Vectors display slightly wobbly and flickery

Started by hcmffm, November 13, 2016, 06:11:35 PM

Previous topic - Next topic

hcmffm

My Vectrex friend had the Vectrex32 cartridge for some time. He tried the Vectrex32 out and did some programming. His feelings were so-so. Apart from the somewhat cumbersome way of developing programs (no real debugging, no hot-code replacement, ...) the way the vectors are displayed made him frown. He said that the vectors would slightly flicker and wobble.
We tried the Vectrex32 on two of my Vectrexes and right: The vectors are displayed a bit wobbly and a bit flickery. This can be seen in the menu (text) of the Vectrex32 and in Moon Lander: All lines wobble and slightly vary their positions plus the whole display slightly flickers. Other games like Minestorm run on those Vectrex consoles display the vectors 100 flicker-free and without any wobble.

Is there a reason why graphics generated by the Vectrex32 slightly wobble and flicker? Could something be done about this?

Vectrex32

The wobbling might be the "pen drift" problem which is discussed in the Vectrex32 manual, section 6.5. If you're drawing a lot of objects, try putting ReturnToOrigin sprites in between some of them.

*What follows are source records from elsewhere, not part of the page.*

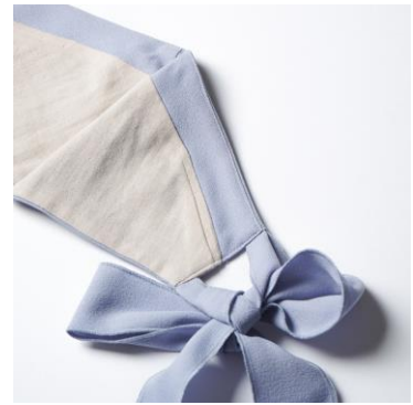
↑口元は綿100%を使用し、お肌に優しいタッチ。

マスクの購入はこちらでも！公式オンラインストア「TOKYO DESIGN CHANNEL」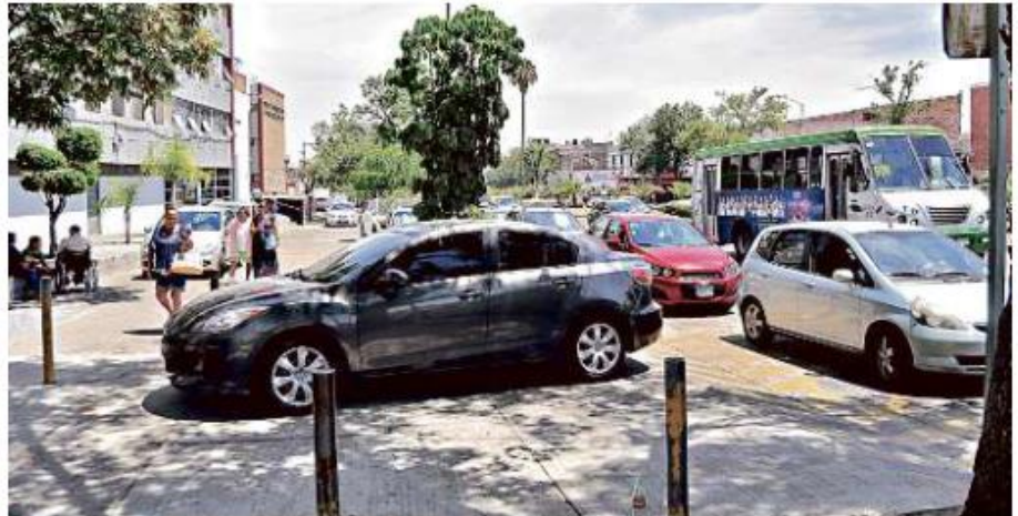
La invasión de banquetas, como en Federalismo y Juan de la Barrera, es común pese a multas.

También es común ver vehículos estacionados en la ciclovía de Washington o Niños Héroes, así como automóviles estorbando el paso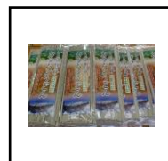
秋山郷からむしうどん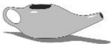
Ryc. 1. Dzbanek neti

Osoby początkujące mogą współczesny zabieg džalaneti wykonywać przy użyciu naczynia z dziobkiem, najlepiej o gładkich brzegach, nazywanego neti-pot (dzbanek neti ) (ryc. 1). Głowę należy przechylić w bok i trochę w dół, wprowadzić dziobek naczynia do otworu jamy nosa położonego przy tej pozycji wyżej, a następnie otworzyć usta i oddychać przez nie tak długo, aż woda zostanie zaaspirowana do jamy nosa, aby po chwili wypłynąć częściowo przez drugie nozdrze, a częściowo przez usta. Tę część się wypłukuje. Zabieg powtarza się, przechylając głowę w drugą stronę i wprowadzając wodę do drugiego otworu nosowego.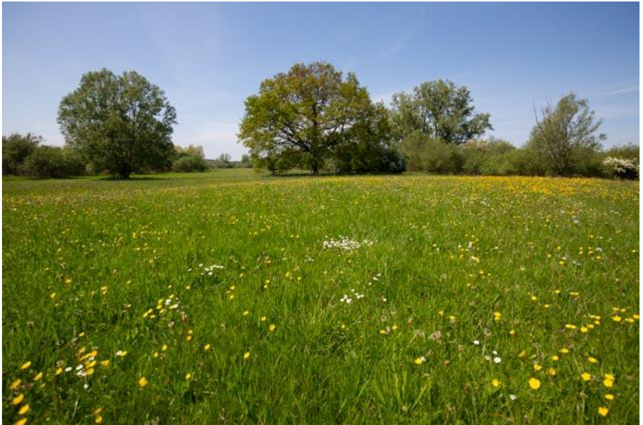
Botanisch grasland

Doelsoorten van de leefgebieden droge dooradering en open grasland waarvoor botanisch grasland meerwaarde heeft, onder andere: graspieper, patrijs, veldleeuwerik. Ook de kwartelkoning maakt gebruik van deze graslanden. Deze vogel broedt van ca. mei tot augustus, daarom is een rustperiode vanaf medio juni tot later in de zomer gewenst, dit kan via de pakketvarianten met rustperiode.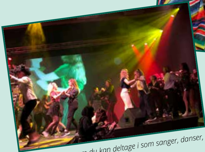
Skoleforestilling, som du kan deltage i som sanger, danser, musiker eller scenograf.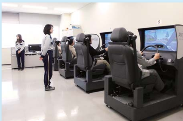
11月13日 交通マナー研修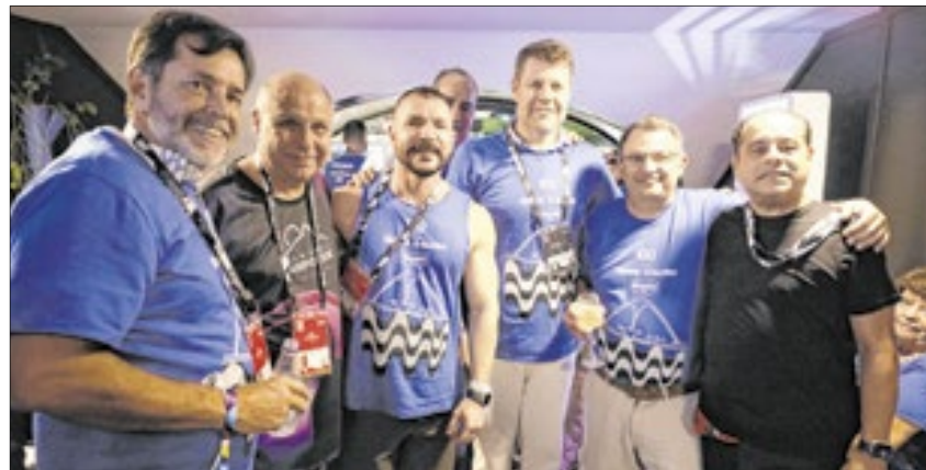
Na sequência: Sérgio Ricardo, da TurisRio; Marcos Simões, chefe de Gabinete da Casa Civil; Aguinaldo Ballon, presidente da Cedae; Gustavo Tutuca, o secretário de Turismo; Renan Saad, procurador-geral do estado; Adilson Faria, secretário de Planejamento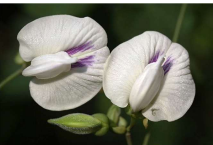
| 山珠豆(白花)，被引進做為綠肥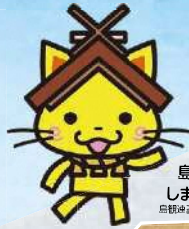
島根県 しまねっこ 登録商標特許第5684号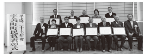
受賞されたみなさんと木原町長(1段目左)、白水議長(1段目右)

本年度は、環境、福祉、子育て等様々な分野でご活躍されている6名と5団体の表彰を行いました。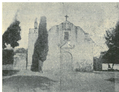
ACAPANCINGÓI TEMPLOM, SZEMBEN MIKSA CSÁSZÁR KAPUJÁVAL.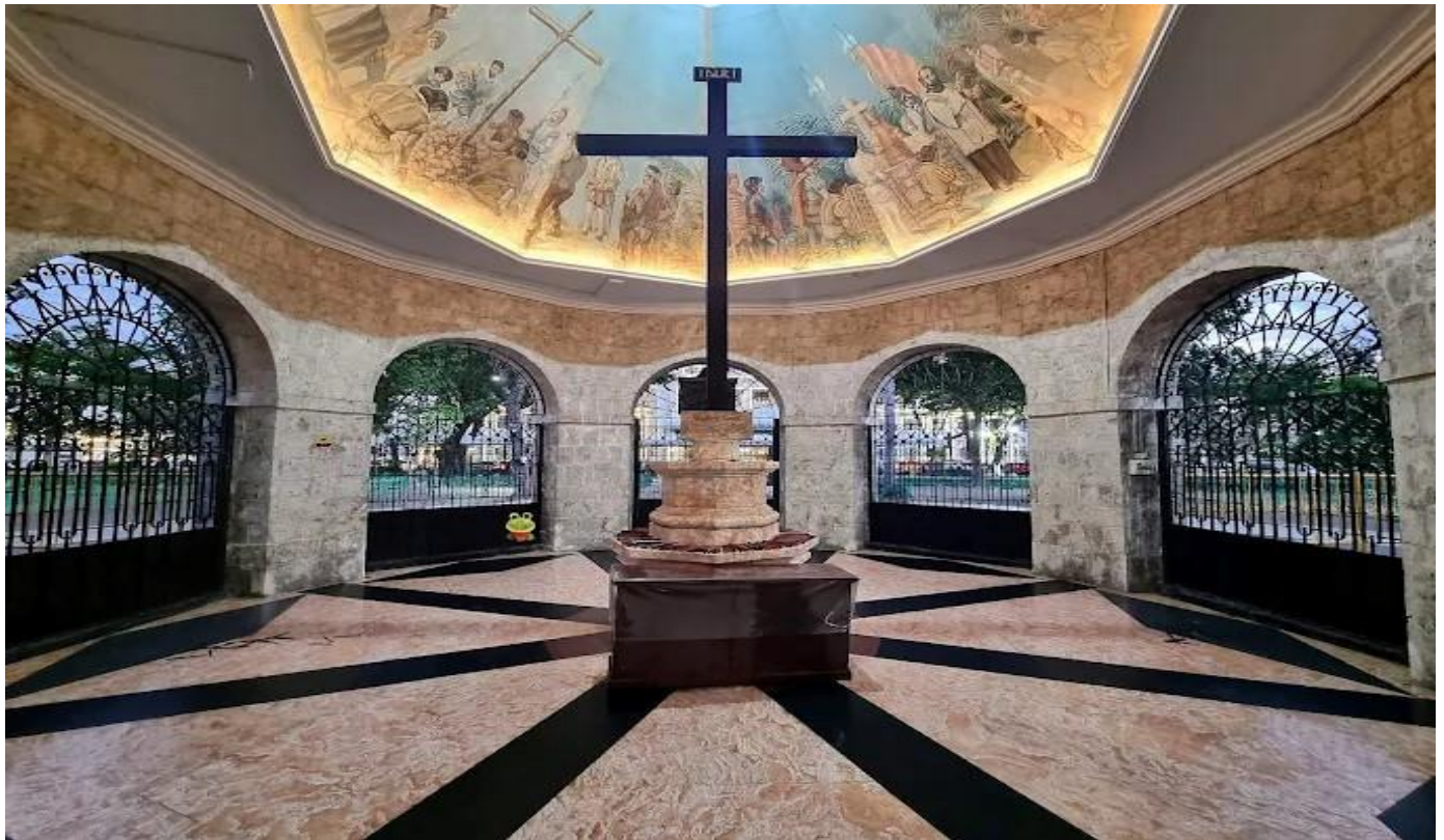
GO1CEB-5J102 CEBU Mabuhay Sea. Sand. Smile. ดำน้ำชมฉลามวาฬ เกาะโบโฮล 4วัน2คืน โดยสายการบิน Cebu Pacific (5J)

Flickering can sometimes be improved by changing the frame rate, using the SetFrameRate function. The default is 30; try increasing it to 50 or 60.

Vectrex32 uses the Vectrex BIOS' line-drawing routines so in theory, wobbling and flickering should be no worse with Vectrex32 than with Vectrex. But programmers have always had to be careful about how many lines they draw and how often they reset the pen to the origin.

I'd be interested in any suggestions you have about debugging. It's true there's no hot-code replacement; you'd need BASIC line numbers or a built-in text editor for that. But as for "no real debugging": there's breakpoints, tracing, single-stepping, and the ability to examine and modify variables. What else would you want for "real debugging"?

- Bob

Vectrex32

I just did an experiment jacking the frame rate up to 120 and it made a big difference with wobble and flickering.

- Bob

hcmffm

Quote from: Vectrex32 on November 13, 2016, 06:40:54 PM
I just did an experiment jacking the frame rate up to 120 and it made a big difference with wobble and flickering.
Sounds good. Is there a reason why the Vectrex32 main menu and Moonlander use 30 frames/s and not a higher framerate?

Vectrex32

Quote from: hcmffm on November 14, 2016, 05:27:50 PM
Is there a reason why the Vectrex32 main menu and Moonlander use 30 frames/s and not a higher framerate?

No good reason; I just didn't think to experiment with different frame rates at the time. Since they're written in BASIC, it's easy for anyone to change them.

- Bob

LamerDeluxe

I notice that in the 3D demo that the tie fighters wobble while rotating, but are pretty stable when they are stationary. I wonder what could be causing that, I expect the floating point calculations of the 32 bit CPU would have enough precision to not be the cause.

Vectrex32

The calculations might be high precision, but the Vectrex DAC is still just 8 bit resolution.

- Bob

LamerDeluxe

#7
Yes, that is true, the positioning of the Vectrex vectors is at a pretty low resolution.

EDIT: Which makes me think that it should be possible to create a 'Vectrex 2' mainboard that has higher resolution DACs, a CPU and flash memory like the Vectrex32, improved audio and emulation for backwards compatibility. Then you would replace the original main board with this one, that would be pretty cool. Though I don't know if the high voltage parts are on the main boards as well. 

LamerDeluxe

Being the Vectrex32 noob that I am, it suddenly occured to me that the scaling factor would have something to do with this. So I changed my rotating box program to a much smaller scale and it is rotating really smoothly now.

I also notice that it now automatically uses multiple segments per line, which is really cool. They switch between three and four segments (with the corner pixels blinking in sync, which looks interesting), probably because of rounding errors.

This made me think. For positioning exactly, you could position with a larger scale for the initial long distance and then a much smaller scale to position much more exactly. This would make things move very smoothly all over the screen.

Vectrex32

Yup. If you draw a long line at a small scale, the V32 breaks it into multiple lines.

- Bob

LamerDeluxe

Just saw where it says this in the manual. I now have a rotating box that fades in and out, looks really cool on the vector display.

Vectrex32

I hope the fading in and out is intentional on your part. ;-)

LamerDeluxe

Haha, yes it is  :)

Can't wait to use more of the power of the 32-bit CPU.